▶ _EXERCISE BRIEF_
Your output should be the lines below from the one with "(🆕)原創乳牛貓咪黑色高級ins風 A5四宮格卡冊 偶像明星愛豆拍立得專輯小卡" through the one with "In 14K yellow", copied exactly, pictures excluded.

▶ _THE DATA_
··········
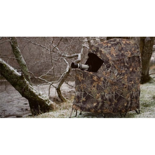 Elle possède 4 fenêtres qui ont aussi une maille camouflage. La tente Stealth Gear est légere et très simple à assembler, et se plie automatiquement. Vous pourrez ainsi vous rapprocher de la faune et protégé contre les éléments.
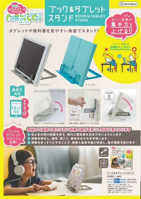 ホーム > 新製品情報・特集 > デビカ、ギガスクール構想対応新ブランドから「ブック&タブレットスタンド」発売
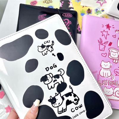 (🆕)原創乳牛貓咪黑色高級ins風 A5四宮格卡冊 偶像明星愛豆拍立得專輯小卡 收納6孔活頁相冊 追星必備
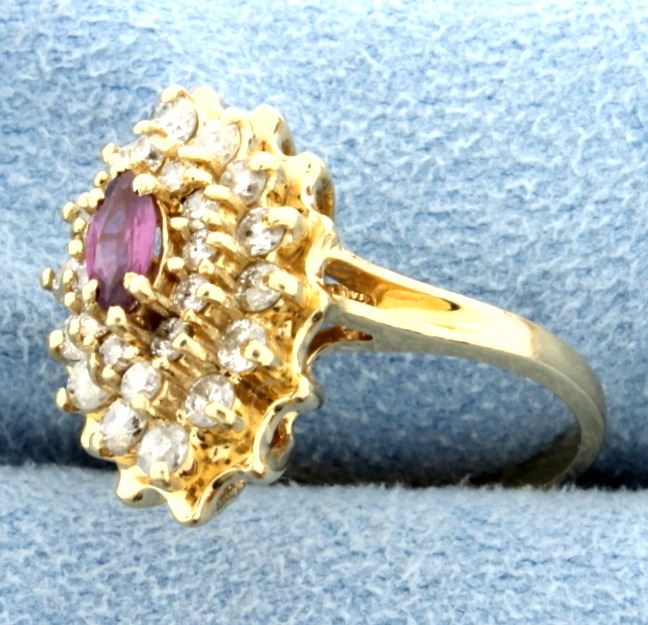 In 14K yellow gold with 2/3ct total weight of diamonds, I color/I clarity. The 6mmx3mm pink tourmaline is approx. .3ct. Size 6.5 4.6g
··········
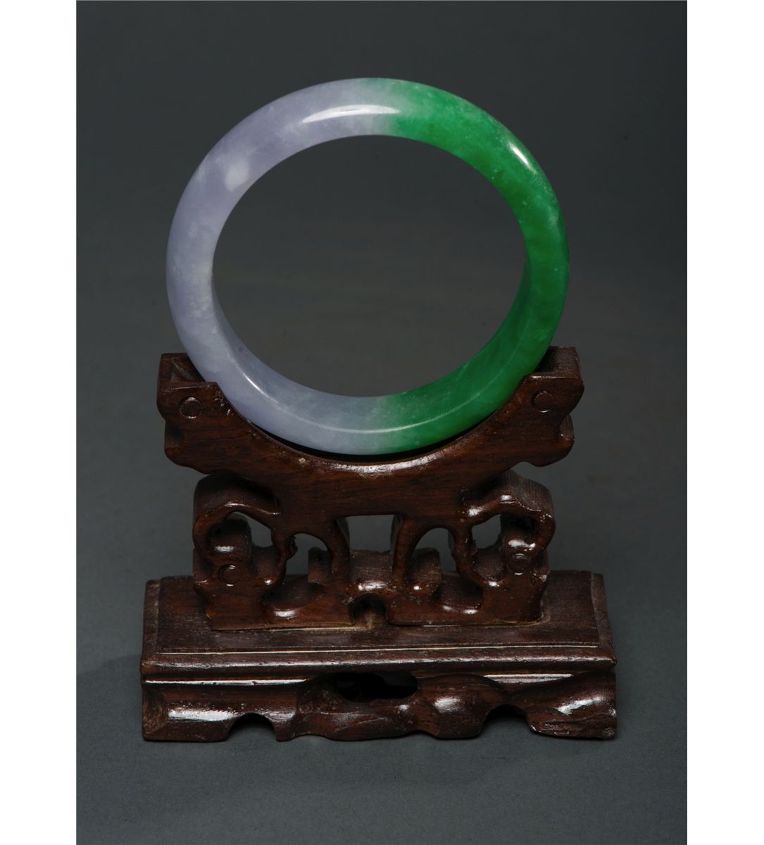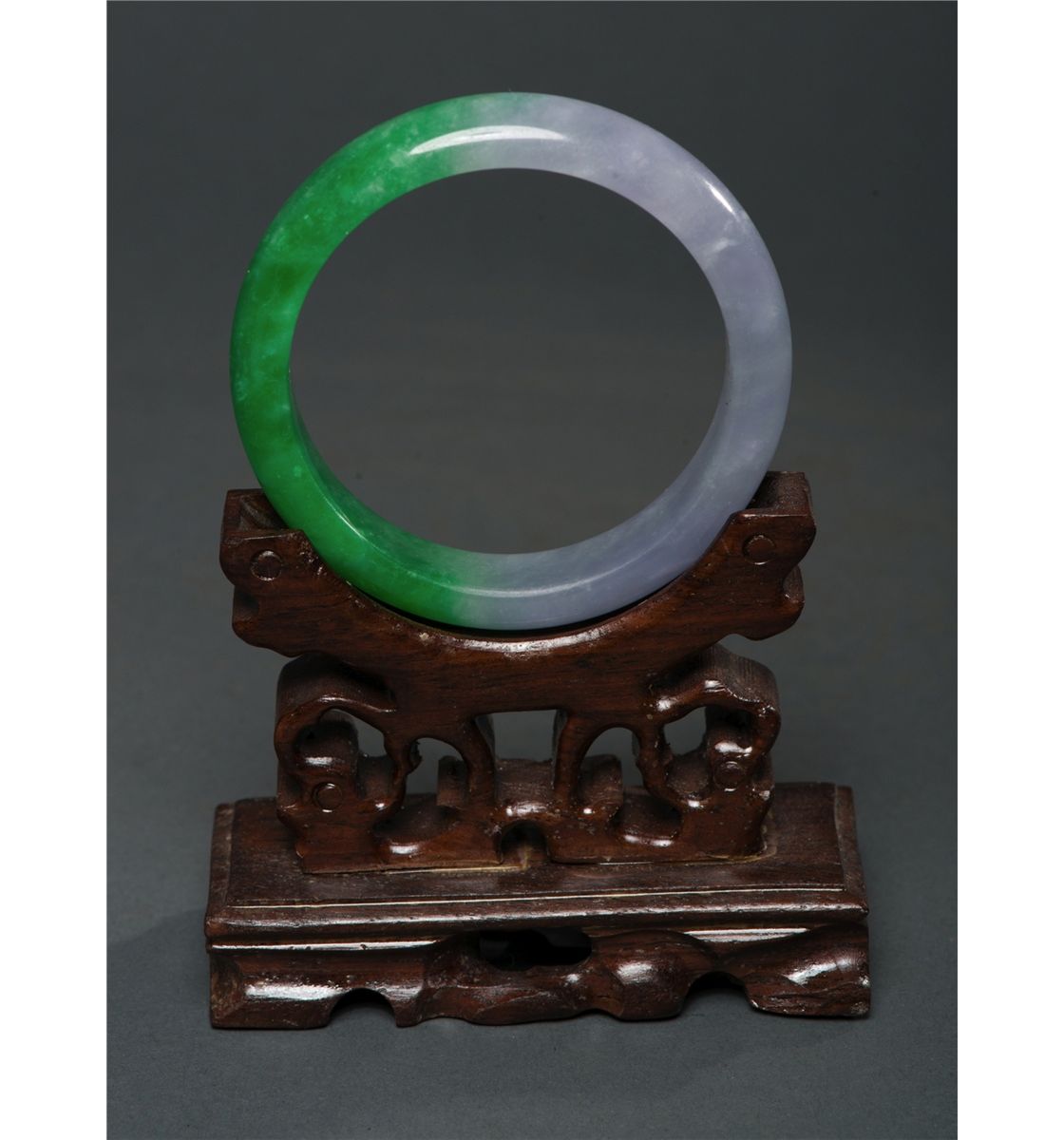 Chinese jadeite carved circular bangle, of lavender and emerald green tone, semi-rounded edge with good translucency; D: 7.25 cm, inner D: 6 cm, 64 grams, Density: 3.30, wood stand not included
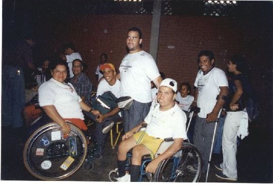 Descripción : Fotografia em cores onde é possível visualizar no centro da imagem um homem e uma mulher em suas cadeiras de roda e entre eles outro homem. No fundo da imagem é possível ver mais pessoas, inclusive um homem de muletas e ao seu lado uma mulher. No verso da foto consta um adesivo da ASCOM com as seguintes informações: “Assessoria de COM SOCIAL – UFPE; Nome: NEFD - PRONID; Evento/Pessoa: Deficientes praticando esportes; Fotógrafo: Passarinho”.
··········
▶ _TASK OUTPUT_
 (🆕)原創乳牛貓咪黑色高級ins風 A5四宮格卡冊 偶像明星愛豆拍立得專輯小卡 收納6孔活頁相冊 追星必備
 In 14K yellow gold with 2/3ct total weight of diamonds, I color/I clarity. The 6mmx3mm pink tourmaline is approx. .3ct. Size 6.5 4.6g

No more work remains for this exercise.